Western fringe of Devizes, the Kennet and Avon Canal plunges towards the Avon valley. Being a canal, it has to plunge a bit at a time.

In a mile or so, canal boats must drop 231 feet. They do so by passing through no fewer than 29 locks.

Going down is no easier than going up. In either direction, the crew must open the lock gate, chug into the narrow well of the lock, close the gate, open the sluice at the opposite end, wait for the water-level to equalise to that of the next stretch of canal, open that lock gate, chug the boat out and, finally, close the gate again, to make it ready for the next traveller.

Twenty-nine times.

Each lock in this stretch has a broad pool alongside - partly as a reservoir for the water which must, eventually, dribble down the hill, partly as a turning space for canal navigators who change their mind, partly to provide some respite for those who can't face going through another lock for a while.

The view over the Avon valley is some consolation, however. It promises the soft delights of the West Country proper, where the twilight gleams. If you have lunch in Devizes, it will probably be twilight before you reach the bottom of Caen Hill.

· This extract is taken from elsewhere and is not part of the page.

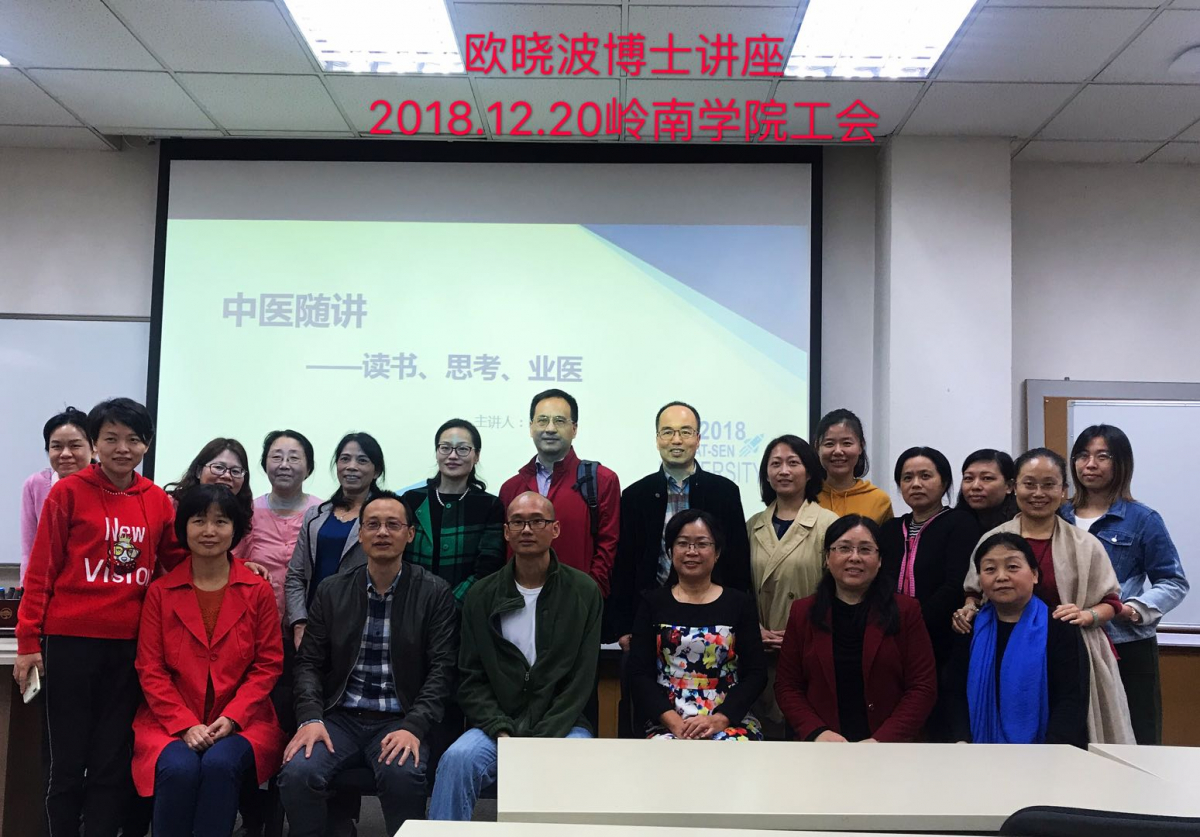为了让学院教职工更好地了解古中医,运用古中医知识指导自己的生活,用正确的古中医养生观养护身心,有效地在日常生活和工作中预防疾病、维护自己和全家人的健康,岭南学院分工会于12月20日举办了“中医随讲”古中医养生讲座。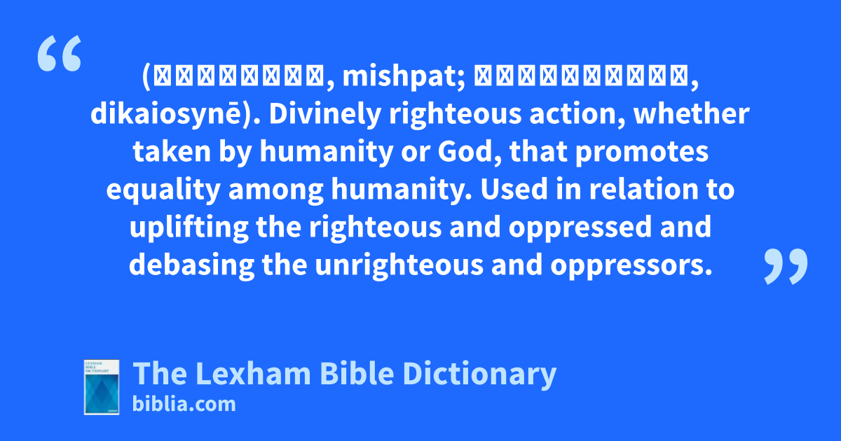Justice (מִשְפָּט, mishpat; δικαιοσύνη, dikaiosynē). Divinely righteous action, whether taken by humanity or God, that promotes equality among humanity. Used in relation to uplifting the righteous and oppressed and debasing the unrighteous and oppressors.

Although such effort is backbreaking for canal travellers (and a serious barrier to the development of the K & A as a leisure amenity), there is pleasure to be had from the process. By watching. In fact, the practice of watching canal boats going through locks has become so prevalent that a new word has been coined to describe the activity - "gongoozling".

If only I'd known in time, I could have told my Careers Master of my burning ambition to become a gongoozler when I grew up (if ever).